GTLGFeb 10, 2022

No-Regret Learning in Dynamic Stackelberg Games

arXiv:2202.04786v131 citations
Originality Incremental advance
AI Analysis

This addresses the challenge of incomplete information in security scheduling and similar domains, though it is incremental by extending known frameworks with linear parameterization.

The paper tackles the problem of learning optimal strategies in dynamic Stackelberg games with unknown follower utility functions, achieving a no-regret algorithm with sublinear regret bounds that are independent of the state space size and outperform existing model-free reinforcement learning methods.
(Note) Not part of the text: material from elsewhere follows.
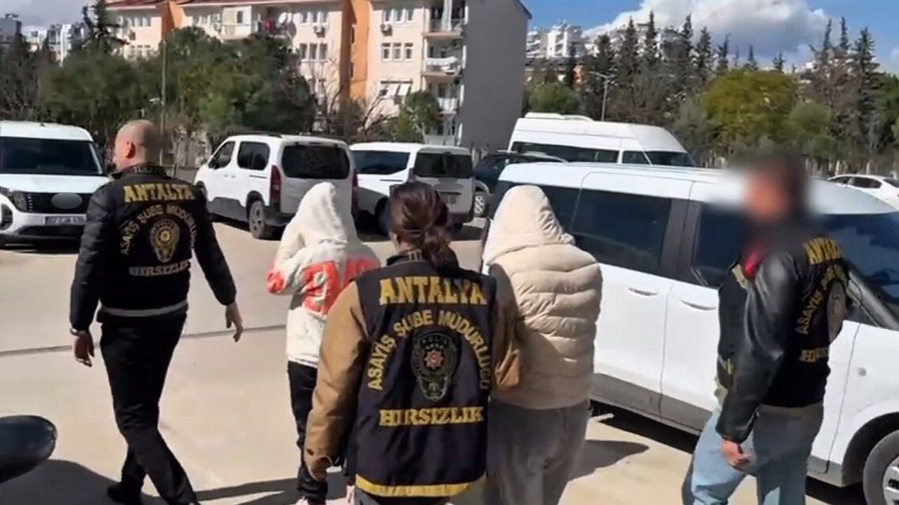 Antalya İl Emniyet Müdürlüğü Asayiş Şube Müdürlüğü ekipleri, Muratpaşa ilçesi Güzeloba Mahallesi'nde iki ayrı ikamette meydana gelen hırsızlık olaylarının aydınlatılması için çalışma başlattı. Yaklaşık 280 saatlik güvenlik kamerası kaydı incelendi. 30 ayrı iş yeri kamerası ve Kent Güvenlik Yönetim Sistemi (KGYS) görüntülerinin analiz edilmesi sonucunda olayın şüphelilerinin S.T., E.D. ve N.Ö. olduğu tespit edildi. Şüpheliler Burdur'un Çavdır ilçesi Söğüt mevkiinde yakalandı. Şahısların kullandığı araç ve ikametlerde yapılan aramalarda 53 gram altın, 2 adet 20 gramlık altın bilezik, 1 çift altın küpe ve 11 adet saf gümüş sikke ele geçirildi. Ele geçirilen malzemeler müştekilere teslim edildi. 'Evden hırsızlık' suçundan adli makamlara sevk edilen şüphelilerden N.Ö. hakkında adli kontrol kararı uygulanırken, S.T. ve E.D. tutuklanarak cezaevine gönderildi.
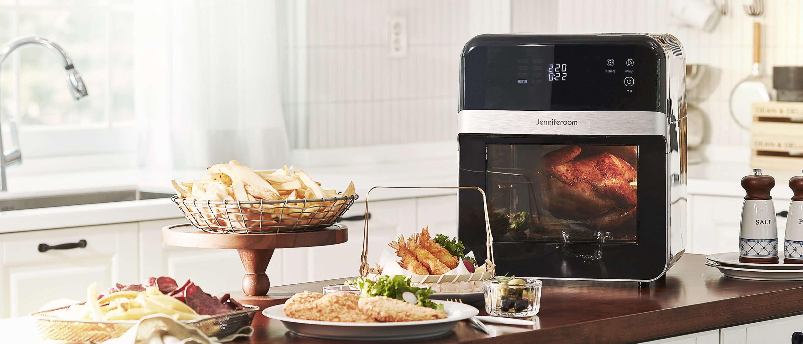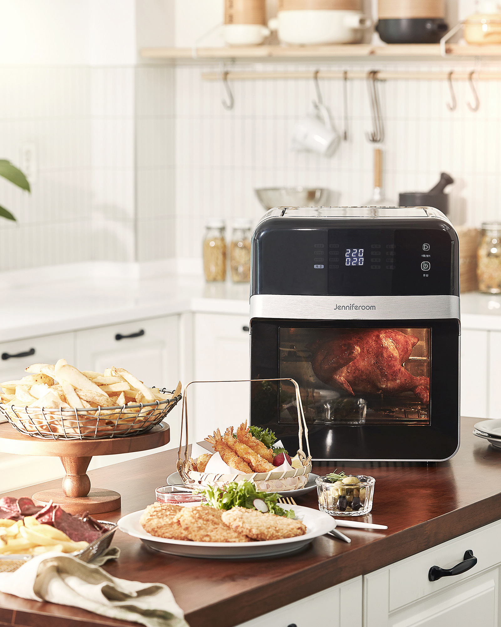 Jenniferroom Air Fryer Rotisserie Chicken Front View P-Product Pieces Product photo showing Jenniferroom air fryer with rotisserie chicken, fries, fried dishes, and olives on kitchen table, front angle.

In a Stackelberg game, a leader commits to a randomized strategy, and a follower chooses their best strategy in response. We consider an extension of a standard Stackelberg game, called a discrete-time dynamic Stackelberg game, that has an underlying state space that affects the leader's rewards and available strategies and evolves in a Markovian manner depending on both the leader and follower's selected strategies. Although standard Stackelberg games have been utilized to improve scheduling in security domains, their deployment is often limited by requiring complete information of the follower's utility function. In contrast, we consider scenarios where the follower's utility function is unknown to the leader; however, it can be linearly parameterized. Our objective then is to provide an algorithm that prescribes a randomized strategy to the leader at each step of the game based on observations of how the follower responded in previous steps. We design a no-regret learning algorithm that, with high probability, achieves a regret bound (when compared to the best policy in hindsight) which is sublinear in the number of time steps; the degree of sublinearity depends on the number of features representing the follower's utility function. The regret of the proposed learning algorithm is independent of the size of the state space and polynomial in the rest of the parameters of the game. We show that the proposed learning algorithm outperforms existing model-free reinforcement learning approaches.